И еще раз, и еще – в тарелку! И лишь после этого оттолкнула господина в сторону. Тот, ничего не видя, размазывал ладонями влагу по лицу, мычал что-то неразборчивое и рвался в слепую к столику, но наткнулся на подоспевшего официанта и, почуяв недюжинную силу в его руках, послушно подчинился. Официант быстро увел его с веранды. Черногорин с сожалением посмотрел на тарелку, селянка из которой была выплеснута на скатерть, и горестно покачал головой:
– Весь обед испохабил, оратор.
– Пойдем отсюда, Яков, иначе… Иначе не знаю, что сделаю!
– Подожди, а это что такое? – Черногорин взял вилку, сунул ее в тарелку с остатками селянки, и вытащил пенсне.
Они глянули друг на друга и расхохотались.
Уже на крыльце их догнал официант, смущенно стал извиняться:
– Вы уж простите, Арина Васильевна, выгнать или не пускать мы его не можем, потому как пьяным он никогда не бывает.
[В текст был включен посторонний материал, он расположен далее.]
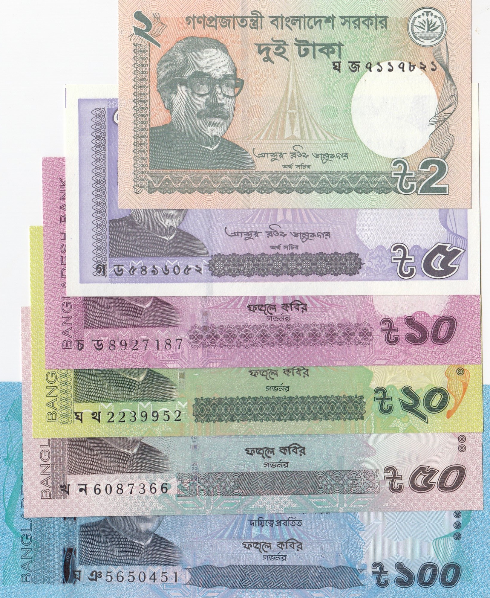 Bangladesh, 2 Taka, 5 Taka, 10 Taka, 20 Taka, 50 Taka and 100 Taka, 2017/2018, UNC, pNew, (Total 6 banknotes)

Только речи говорит…
– Да кто он таков? – поинтересовался Черногорин.
– Слышал я, что редактором какого-то журнальчика пребывал, то ли «Колючка» назывался, то ли «Кактус», журнальчик прихлопнули за вредное направление, так он теперь к нам ездит, речи говорит. Может, теперь перестанет, наговорился…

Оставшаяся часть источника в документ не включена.